CoPIs: Virginia Walbot (Stanford University) and Greg Abrams (Texas Advanced Computing Center/University of Texas - Austin)
Information generated from this project will provide new insights into the regulation of developmental events in the anther, the male reproductive organ, of maize and related grasses - crops that feed much of the world. New insights and resources of broad utility should ultimately contribute to controlling plant fertility in agriculture, particularly in the cereal crops. The project builds and improves on the varied and extensive outreach and education components of the PIs and their contributions via scientific leadership to continue a strong, positive impact on local and scientific communities, and on the next generation of scientists. Implementation of the "Virtual Anther" will make the project data widely accessible while helping students and the public understand how anthers develop. An undergraduate-focused project to sequence and annotate a basal grass genome will provide invaluable data for the project and to all those employing phylogenomics analysis in flowering plants, while training the next generation of plant biologists. All project outcomes will be accessible to the research community through a project website and long-term repositories such as GEO and MaizeGDB. All biological resources such as antibodies, clones and vectors will be available upon request. Seed will be deposited and distributed long-term through the Maize Genetics Cooperative. Software for the "Virtual Anther" will be made open-source and available via the Texas Advanced Computing Center website (www.tacc.utexas.edu/tacc-software/).

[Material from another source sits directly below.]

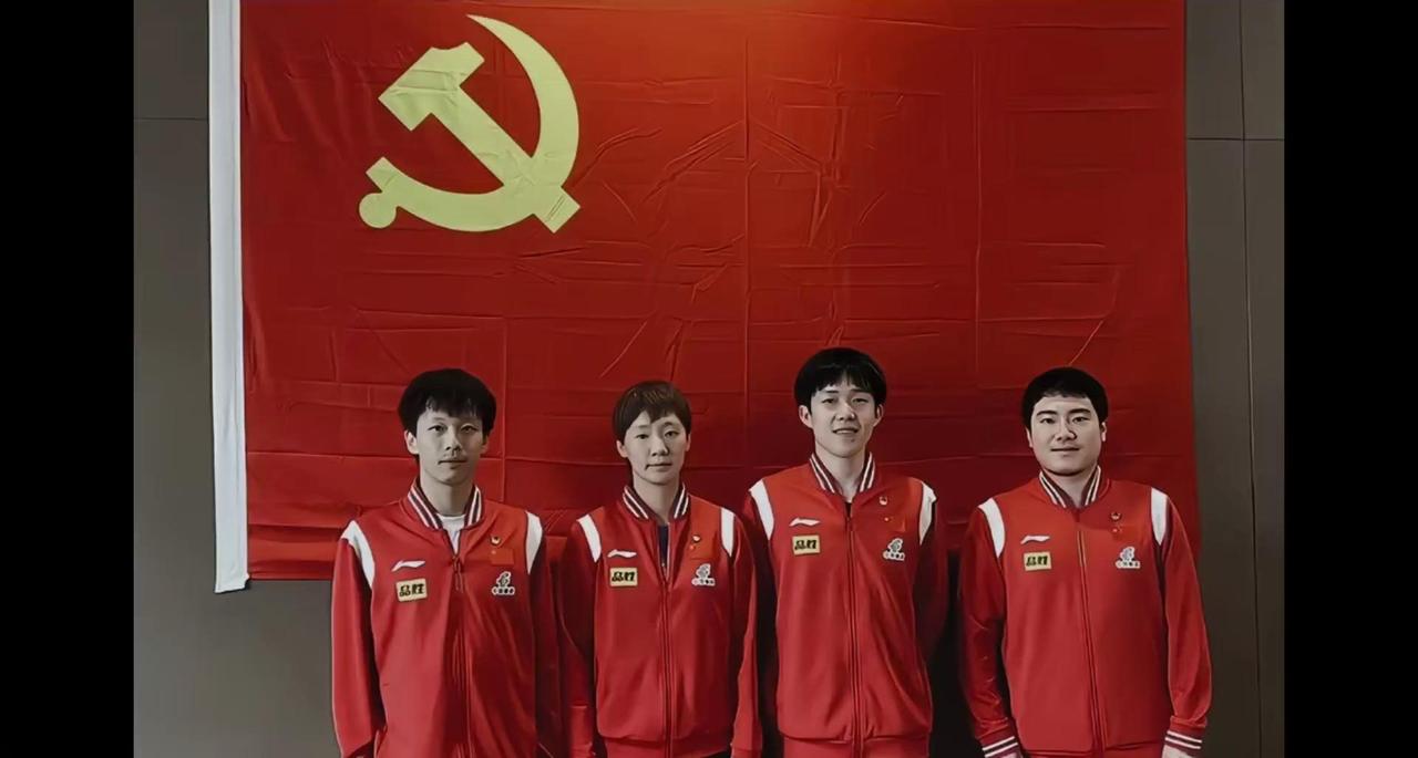 原来他们四个一起入的党,当时王楚钦最小,时间真快,已经独挡一面了! 小林将军、王曼昱、大胖,头哥的特别合照,红红的才是可贵可喜可贺! 实际上第一次见这张照片,只感觉很优秀,他们都在自己的事业上闪闪发光,努力的脚步不停歇,继续下一程!
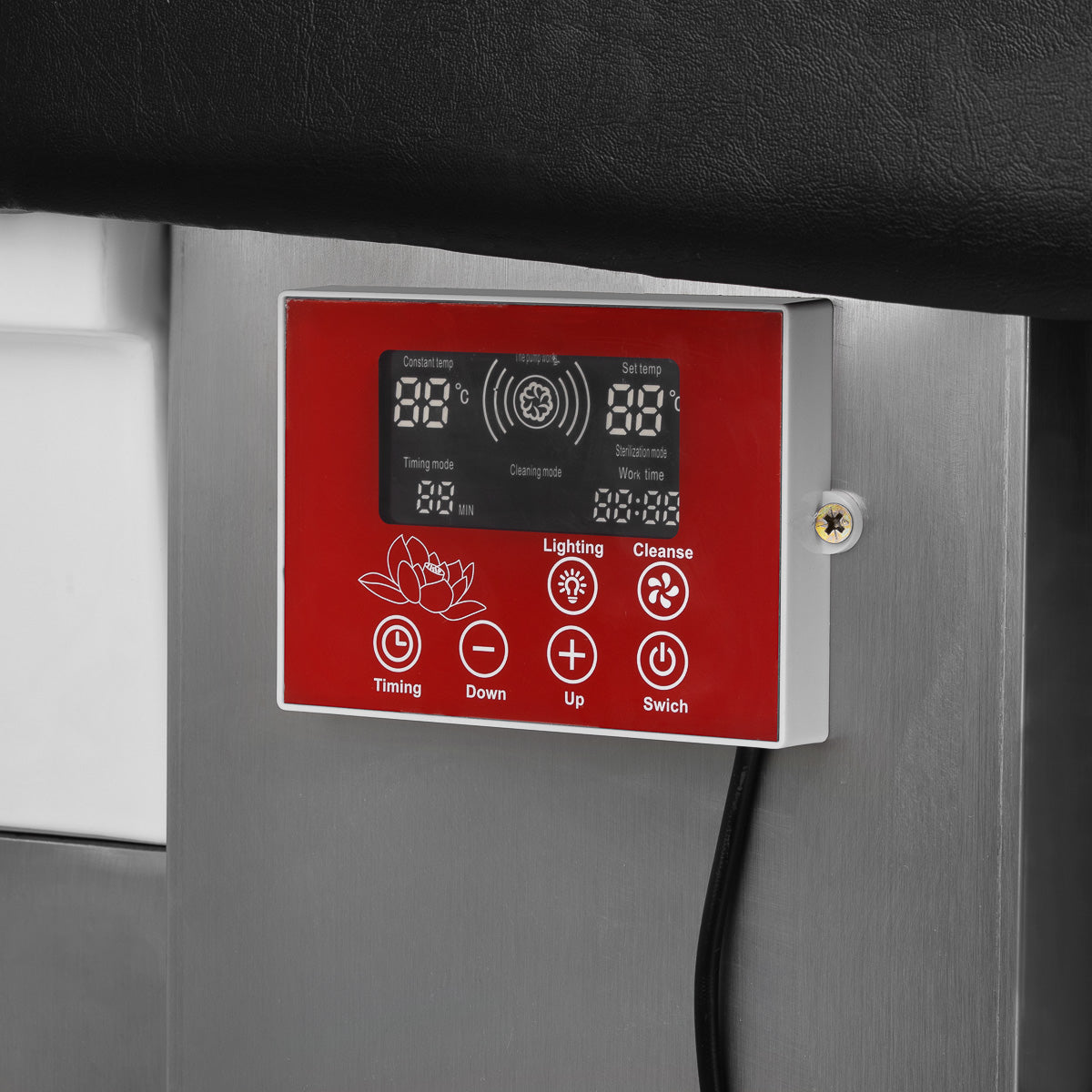 Intuitiivne puutepaneel võimaldab täielikku kontrolli pesuseadme funktsioonide üle. See võimaldab reguleerida tööaega ja vee temperatuuri ning jälgida nende hetkeväärtusi. Tänu sisseehitatud ekraanile saab igal ajal kontrollida seadme töö kestust. Paneel võimaldab ka valgusravi funktsiooni aktiveerimist, st kausi valgustamist, luues lõõgastuse ja luksuse atmosfääri. Lisaks on auruteraapia seade varustatud kaugjuhtimispuldiga, mis võimaldab mugavat kaugjuhtimist.

Male sterility is a common phenotype in natural species, functioning as one mechanism to promote outcrossing. Furthermore, control of pollen production by plant breeders is a fundamental technology that continues to underpin hybrid seed production in many crops. In the agricultural context, there is also a growing concern over climate disruption: both heat and cold cause male sterility in crop plants. This study seeks to more broadly understand the coordination of anther development and underlying cellular processes, including chromatin remodeling, as plant cells switch from mitosis to meiosis. The specific goals are to: (1) organize hierarchies of gene expression in individual anther cell types and (2) elucidate functions of small RNAs, particularly two unusual classes of "phased" secondary small RNAs (phasiRNAs) that are highly enriched in grass anthers. These phasiRNAs are processed from an extensive set of coordinately-expressed long non-coding RNA precursors into secondary small RNAs of 21 or 24 nucleotides. Using precisely staged maize anthers and laser microdissected cell types, the project will generate copious transcriptomic and proteomic data, organize transcriptional hierarchies of transcription factors, generate extensive data on small RNAs in a spatiotemporal context, and analyze the function and biogenesis of phasiRNAs. Genetic analysis using existing and engineered mutations will be used to test for essential roles of key transcription and phasiRNA biogenesis factors in anther development. Genetic and "omics" experiments will test new hypotheses about phasiRNA functions in anther cells and in meiosis. Most of the analysis will be conducted in maize because of its exquisite developmental regularity, the large size and ease of anther dissection, and existing molecular and genetic knowledge about maize anthers. Key insights will be evaluated in rice to distinguish general and species-specific points, with additional comparisons to other grasses. To generate new hypotheses, all data will be integrated into a "Virtual Anther" visualization system.